Given information =>

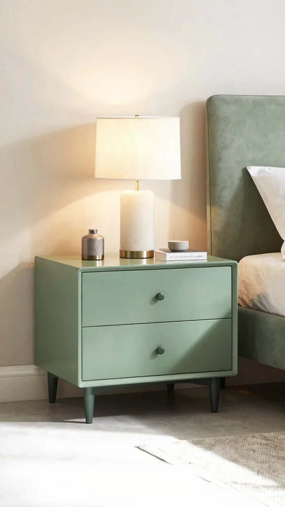 Nightstands and lamps set the room tone. Pick pieces that echo the room style, with a hint of sage on the finish or texture. A warm lamp becomes a focal point as well as a light source. Keep accessories minimal for calm surfaces.
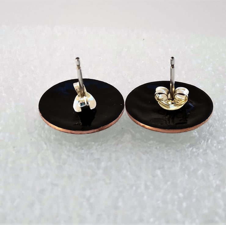 A pair of domed copper stud earrings in shades of green. The earrings have been kiln-fired and each measures 15mm in diameter, with sterling silver posts and scrolls (aka butterflies). The backs have been finished in glossy black enamel and they are supplied with a little organza pouch.
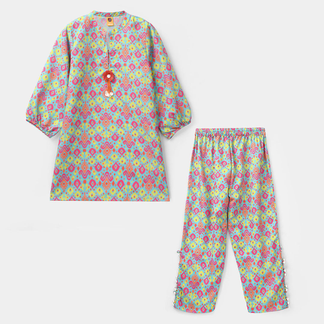 Girls Cotton Poplin Printed 2 Pcs Blossom - Multi
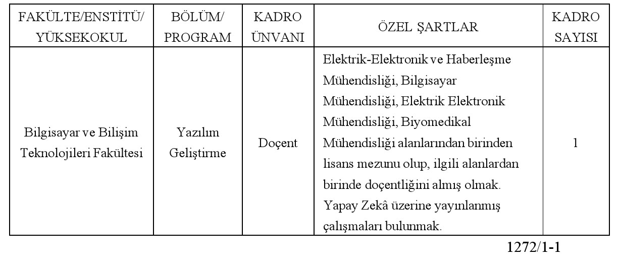 ÖĞRETİM ÜYESİ ALIM İLANI

Exercise directions => The response should reproduce all the material above exactly and leave out its pictures.

Answer box =>
 Nightstands and lamps set the room tone. Pick pieces that echo the room style, with a hint of sage on the finish or texture. A warm lamp becomes a focal point as well as a light source. Keep accessories minimal for calm surfaces.
 A pair of domed copper stud earrings in shades of green. The earrings have been kiln-fired and each measures 15mm in diameter, with sterling silver posts and scrolls (aka butterflies). The backs have been finished in glossy black enamel and they are supplied with a little organza pouch.
 Girls Cotton Poplin Printed 2 Pcs Blossom - Multi
 ÖĞRETİM ÜYESİ ALIM İLANI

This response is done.